What are hybrid securities?

Some investments have characteristics of both stocks and bonds. They're more complex, so they may not be right for everyone.
3 minute read

Points to know

  • Preferred stocks have a face value and pay interest, but they're traded on an exchange.
  • Exchange-traded notes have a maturity date, but their value fluctuates based on a specified stock index.
  • Convertible bonds can be changed into stocks if it's beneficial for the investor.
  • For most people, a portfolio of stocks and bonds provides plenty of diversification. Sophisticated investors may want to consider strategies that use hybrid investments.

Preferred stocks

Like bonds, preferred stocks (also called preferred securities) have a face value and pay income at specified intervals. They're also susceptible to interest rate risk (though less so than regular bonds).

However, as with common stocks, preferred stocks are traded on exchanges like the New York Stock Exchange. The values of preferred stocks will fluctuate with the market, although not to the same extent as common stocks.

Preferred stock owners have no ownership or voting rights.

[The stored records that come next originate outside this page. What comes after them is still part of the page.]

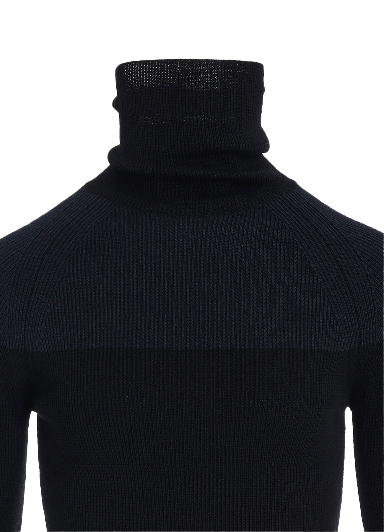 This knit combines high-quality fine merino wool with a soft, smooth texture, and is washable. Given the ribbed knitting, it excels in warmth and flexibility. With a clean silhouette in both length and width, it functions comfortably as inner wear.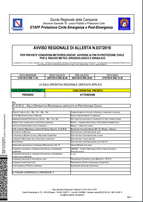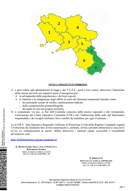 CLICCA QUI per leggere l'avviso sul sito Bollettini Meteo Regione Campania.
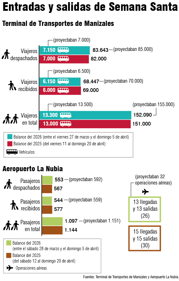 La Semana Santa dejó 153 mil 187 viajeros a su paso. Pese a no alcanzar las cifras proyectadas para la temporada, la terminal de Manizales superó su registro de entradas y salidas del 2025. El aeropuerto La Nubia se quedó corto frente a lo planeado, debido a un día sin vuelos. En ambos recintos reportaron normalidad durante las operaciones. Conozca las cifras completas.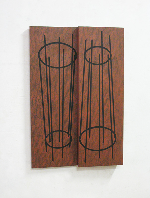 A.T.: Non c’era una vera intenzione di imitare vari materiali ma ormai quasi tutte le mie immagini pittoriche erano diventate rappresentazioni di strutture realizzabili in tre dimensioni, cosa che mi portò inevitabilmente ad abbandonare la pittura e a cercare invece il modo e i materiali più adatti per realizzarle affinché trasmettessero esattamente lo stesso significato che volevo darle in pittura.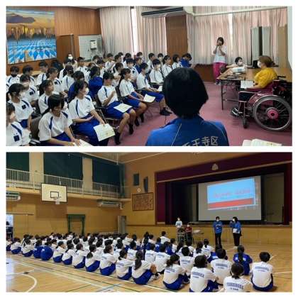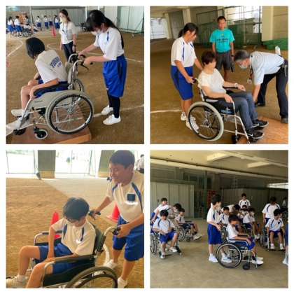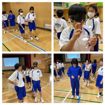 1年生は本日の5時間目と6時間目に地域からゆうあいとムーブメントの方に来て講話していただき、車椅子体験とアイマスク体験をしました。視界に制限がある方や普段から車椅子を使用している方たちの気持ちが少し垣間見れたように思います。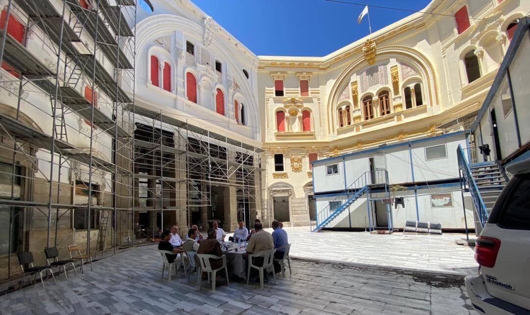 وقام الوفد بزيارة مبنى الجالاريا دي بونو (رواق الكرامة) بطرابلس، بحضور مدير شركة اليقين القابضة المنفذة لأعمال الصيانة والترميم للمبنى ماجد محمد حيث اطلع الوفد على المخططات والتصاميم التي أعدتها الشركة المنفذة لأعمال الصيانة والترميم للموقع.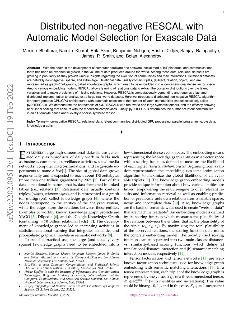 Distributed non-negative RESCAL with Automatic Model Selection for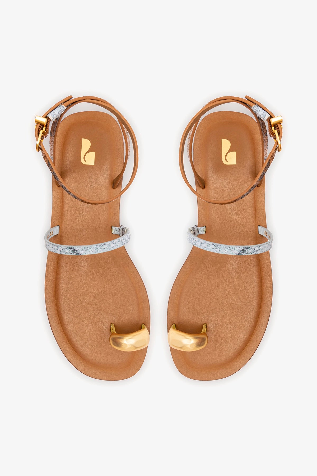 Inspired by the effortless charm of the French coast, this flat sandal blends a relaxed summer mood with refined details. The snakeskin-effect adds texture, while the delicate ankle straps and metallic accent at the toe bring balance and subtle elegance. Designed for warm days, it’s lightweight, comfortable, and easy to wear from morning to night.
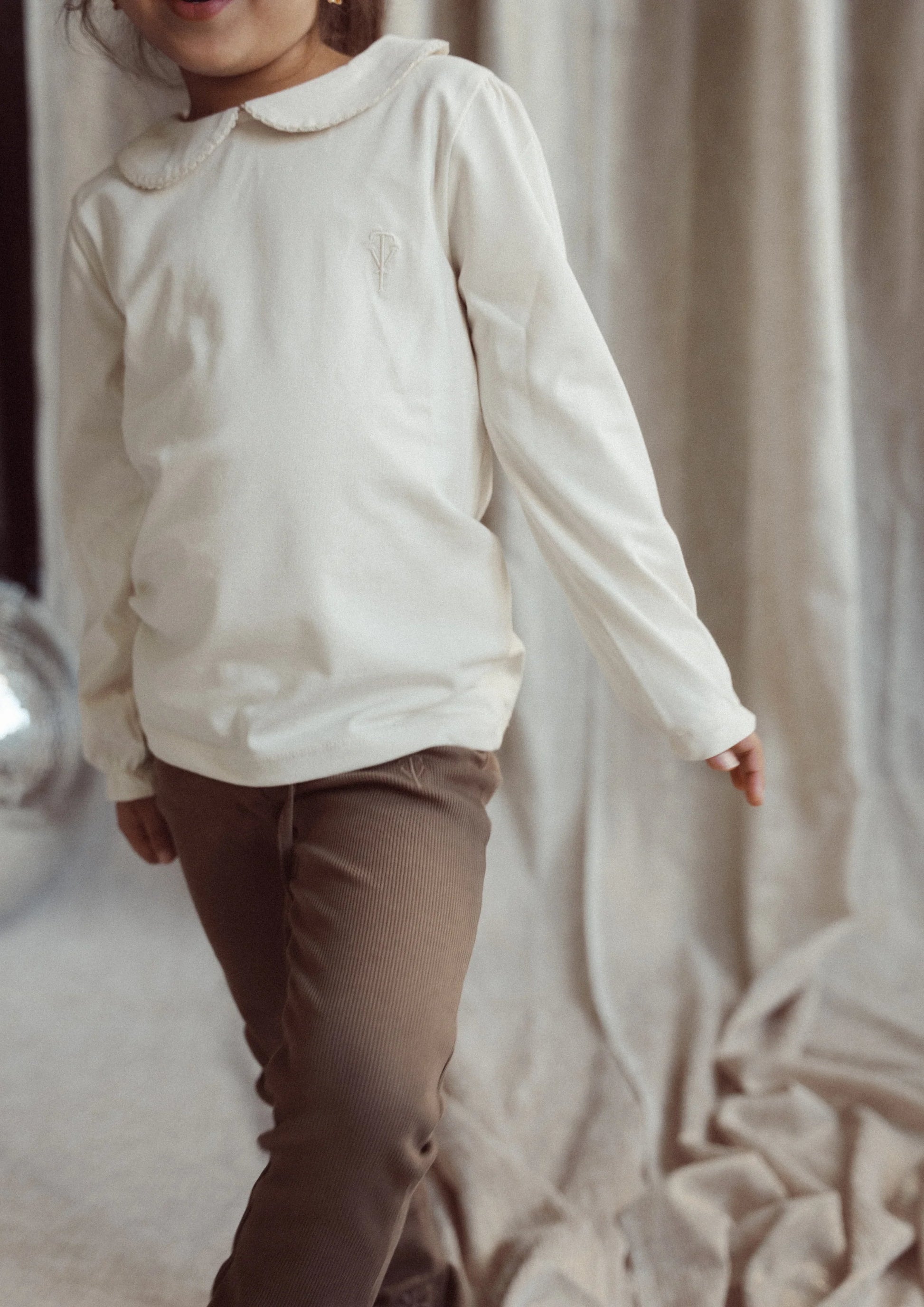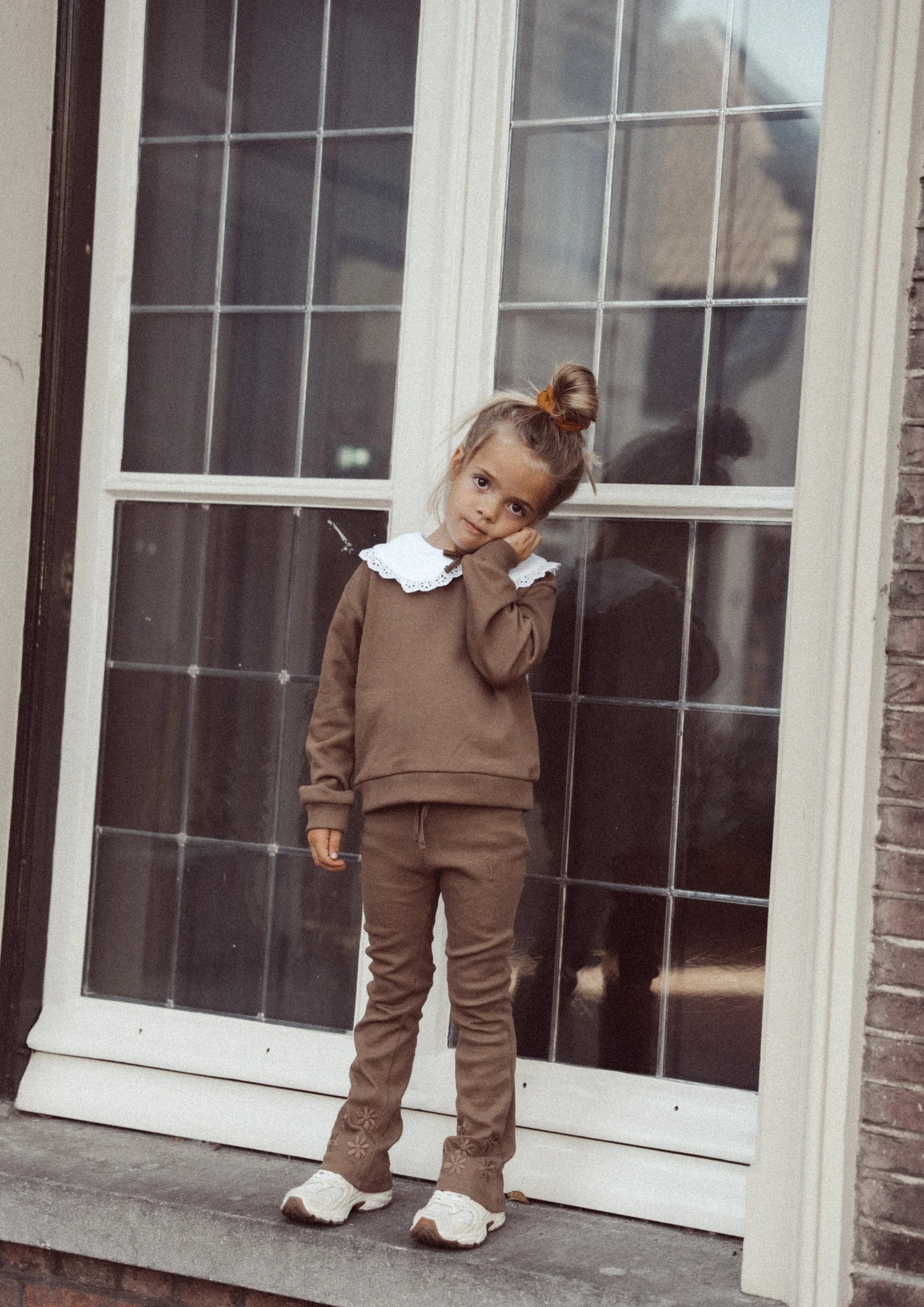 Prachtige flared legging van Two You Label. Legging Lilly straight heeft aan de onderkant geborduurde bloemen, van dezelfde kleur garen als de stof. De stof heeft een subtiele rib. De kleur is midden bruin. Deze flare kinderbroek voor meiden is het hele jaar door te dragen.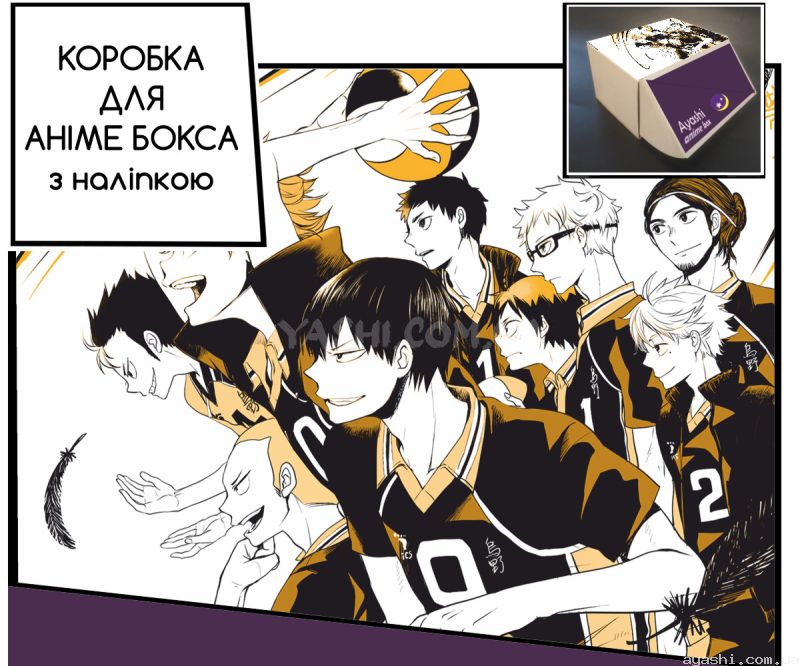 Сувенірна картонна коробка з наліпкою для формування аніме-боксу, дизайн зовнішньої частини виконано за мотивами Haikyuu!!.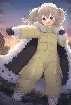 {{{{{down jacket, snowsuit, long stitched padded puffy pants, big long fluffy fur-trimmed cape}}}}}, {{{heavy clothes, fur-trimmed sleeves, fur-trimmed cuffs, fur-trimmed hood, oversized clothes, shiny clothes}}}, [[[latex]]], cute girl, solo, sneakers, contrapposto, [[[[[[[[[[gochuumon wa usagi desu ka?]]]]]]]]]], mittens, {{{{{outdoors, lying, sleeping, snowing, wind}}}}}, {{{gray hair}}}, white jacket, white pants, long hair, blunt bangs, french braid, severed hair, , best quality, amazing quality, very aesthetic, absurdres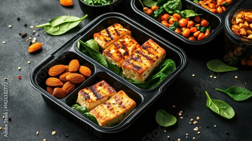 meal, box, portion, almond, spinach, tofu, grilled, nourishment, wellness, healthy, balanced, clean, vibrant, fresh, lifestyle, organic, vegetarian, vegan, fitness, food, lunch, dinner, protein, greener, nut, colourful, concept, plated, modern, stylish, wholesome, energy, diet, prepared, ready, epicure, delicious, simple, minimal, natural, nutrient, active, fuel, body, health

If a company issuing a preferred stock is in financial trouble, the holders of the preferred stocks will be paid after bondholders but before common stockholders. Thus, their risk is somewhere in between common stocks and bonds.

Read more about preferred stocks

Exchange-traded notes

Exchange-traded notes (ETNs) also have characteristics of both stocks and bonds.

Like stocks, they're unsecured (meaning they're not backed by collateral). In addition, holders of ETNs will be paid behind bondholders and preferred stock holders. ETNs are traded on stock exchanges and their values are based on the performance of a specified market index.

Like bonds, however, ETNs have a maturity date (although they don't pay interest), at which time the holder will be paid the current principal amount.

Read more about ETNs

See important information about leveraged and inverse ETNs

Convertible bonds

Convertible bonds (also called convertible securities) are corporate bonds that can be converted into stocks if the buyer chooses. Because of this added flexibility, convertible bonds generally offer lower interest rates than similar nonconvertible corporate bonds.

The risk and potential return for convertible bonds is somewhere between common stocks and regular bonds.